Friday, August 16, 2013

Salem's Lot (1979, Dir. Tobe Hooper)

FILM: Salem's Lot
YEAR: 1979
DIRECTOR: Tobe Hooper
PINBALL MODEL(S): Jacks Open (1977, Gottlieb) & Big Brave (1974, Gottlieb)
GAME LOCATION: Diner
NOTES:  The three consecutive shots that feature pinball in this (still ridiculously terrifying) Stephen King adaptation are not merely incidental, but actually serve a pair of useful functions. The first shot (not pictured) is of a hand releasing the plunger on the Big Brave pin, cutting to the table action on the Jacks Open playfield, and lastly to a follow shot that surveys the space of the diner.  When paired with the preceding shot of the hero staring at the haunted mansion on the hill from the diner window, we realize that the plunger shot launches us (pun intended) into a new act of the story; presumably following a commercial break.

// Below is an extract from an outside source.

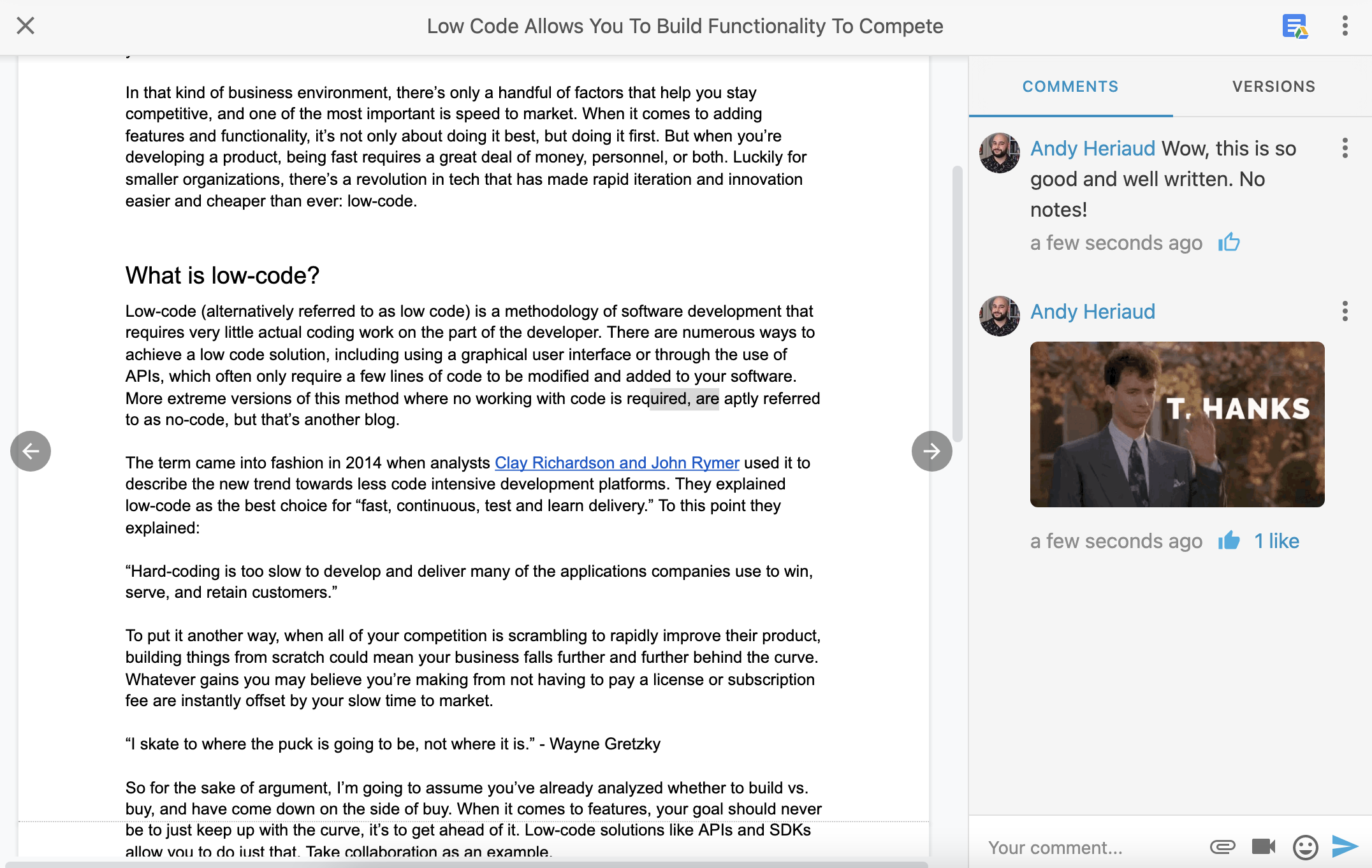 Right away the sales lead notices that a specific detail discussed in the last meeting isn’t reflected in the contract. With Weavy’s document collaboration, they can leave a comment and tag the CFO. Without ever having to leave the CRM, the CFO can go directly into the Word document and edit it. But then the CEO chimes in: they had a separate call with the client where they agreed to change that detail, the original version of the contract was correct. Luckily, both versions are capable of being previewed in the CRM, and are easily accessible.

The playfield shot—as with many such shots in cinema—is coded to promote a sense of seemingly chaotic action, with a player doing their best to manipulate this action in their favor.  So too does the film's hero effort to resist the negative forces at work within the narrative.

Lastly, the presence of pinball within the diner serves to imbue a sense of the cultural normalcy of this space.  The central conflict of the film involves an invading (foreign) evilone that seeks to destroy an otherwise idyllic New England town; thus alluding to a broader cultural vulnerability and the disruption of small-town America's tendency toward isolationism.